From 27702e58341500f64fc1523bc9feb483e1ab6fb2 Mon Sep 17 00:00:00 2001
From: Jordan Wesolowski <jrwesolo@gmail.com>
Date: Mon, 19 Dec 2016 15:49:41 -0700
Subject: [PATCH] add support for write_logs option

This option is available in audit >= 2.5.2. `log_format = NOLOG` has
been deprecated. Instead, using `write_logs = no` is preferred. Details
can be seen here: https://people.redhat.com/sgrubb/audit/ChangeLog. By
having the option default to `undef`, we can maintain
backwards-compatibility for everyone.
---
 README.md                 |  6 ++++++
 manifests/init.pp         | 11 +++++++++++
 manifests/params.pp       |  1 +
 templates/auditd.conf.erb |  3 +++
 4 files changed, 21 insertions(+)

diff --git a/README.md b/README.md
index 16ddb36..84af233 100644
--- a/README.md
+++ b/README.md
@@ -277,6 +277,12 @@ This  keyword  specifies  the  group  that is applied to the log file's permissi
 
 Default: `root`
 
+#### `write_logs`
+
+This yes/no keyword determines whether or not to write logs to the disk. There are two options: yes and no. It is meant to replace the usage of `log_format = NOLOG`. This will default to undef since it is only available in version >= 2.5.2.
+
+Default: `undef`
+
 #### `priority_boost`
 
 This is a non-negative number that tells the audit damon how much of a priority boost it should take. The default is 3. No change is 0.

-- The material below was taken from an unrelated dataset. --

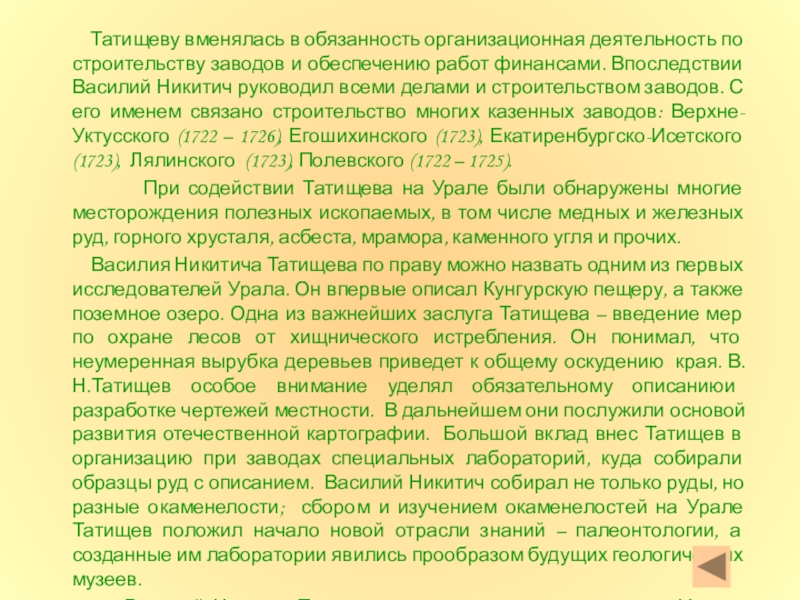 В то время Урал стал важным центром развивающегося в стране горного дела и металлургии. Возглавить строитель- ство новых заводов на Урале должен был человек с твердым характером и талантом организатора. Выбор пал на В.Н.Татищева.

diff --git a/manifests/init.pp b/manifests/init.pp
index 43ec1ae..af47741 100644
--- a/manifests/init.pp
+++ b/manifests/init.pp
@@ -34,6 +34,12 @@
 #   permissions. The default is root. The group name can be either numeric
 #   or spelled out.
 #
+# [*write_logs*]
+#   This yes/no keyword determines whether or not to write logs to the disk.
+#   There are two options: yes and no. It is meant to replace the usage of
+#   log_format = NOLOG. This will default to undef since it is only available
+#   in version >= 2.5.2.
+#
 # [*priority_boost*]
 #   This is a non-negative number that tells the audit damon how much of
 #   a priority boost it should take. The default is 3. No change is 0.
@@ -321,6 +327,7 @@
   $log_file                = $::auditd::params::log_file,
   $log_format              = $::auditd::params::log_format,
   $log_group               = $::auditd::params::log_group,
+  $write_logs              = $::auditd::params::write_logs,
   $priority_boost          = $::auditd::params::priority_boost,
   $flush                   = $::auditd::params::flush,
   $freq                    = $::auditd::params::freq,
@@ -379,6 +386,10 @@
   validate_re($log_format, '^(RAW|NOLOG)$',
     "${log_format} is not supported for log_format. Allowed values are 'RAW' and 'NOLOG'.")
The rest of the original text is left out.